As powerful as modern-day supercomputers are, they struggle with certain subtypes of problem, and that includes particular cases where they need to find the simplest possible route towards an answer.
The researchers compare these types of thorny problems to trying to find the lowest point in a mountainous terrain filled with valleys and trenches – how do you work out where the lowest point is without walking up and down hills for days on end?
Whereas super-fast computers can certainly do all that walking faster than ever before, polaritons offer a new approach: they effectively act as hotspots to guide our hypothetical hiker towards the lowest point much quicker, saving a lot of shoe leather.

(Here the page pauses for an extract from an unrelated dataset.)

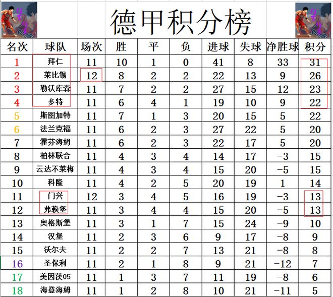 德甲最新积分战报 莱比锡闷平门兴难追拜仁 多赛一场落后5分

It's a bit like sprinkling magic dust on the mountain landscape, the researchers say, but it's taken them several years to get from their first hypothesis to a demonstration of the technique using experimental data.
Polaritons were created by shining a laser at stacked layers of atoms including gallium, arsenic, indium, and aluminium, causing the electrons to absorb and emit light of a specific colour, and producing polaritons – where these electrons and their light waves co-exist in a new type of quasiparticle.

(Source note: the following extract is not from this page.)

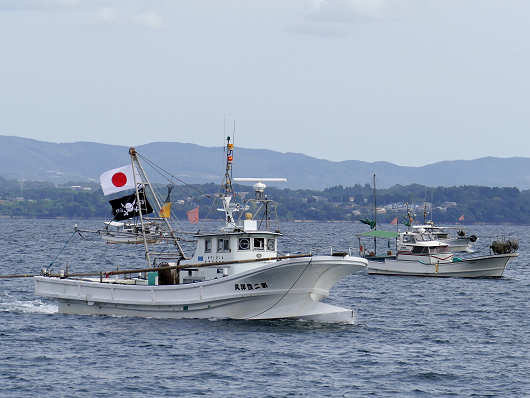 漁業調査船「豊洋」に続いては、小型の漁船が列をなすようにたくさんやって来ました。手前の漁船には不思議な旗が掲げられていたので望遠で撮影してみると・・・

As polaritons are 10,000 times lighter than electrons, they can be packed very close together (entering a strange state known as a Bose-Einstein condensate), pooling and lighting up in a way that can be measured.
In place of a mountainous terrain, the researchers set their polaritons on a classic optimisation model known as an XY model – one that's simple enough to be of use but also versatile enough to apply to a lot of different supercomputing problems.
The researchers were able to demonstrate polaritons grouping together at a point showing the route to the quickest solution for the problem presented.
This is a brand new approach to supercomputing, and so we're a long way from seeing it actually applied in a working machine, but the team says there's enough promise in the approach to make it worthy of further investigation.
"A few years ago our purely theoretical proposal on how to do this was rejected by three scientific journals," says one of the researchers, Natalia Berloff from the University of Cambridge in the UK.
"One referee said, 'Who would be crazy enough to try to implement this?!' So we had to do it ourselves, and now we've proved our proposal with experimental data."
The research has been published in Nature Materials.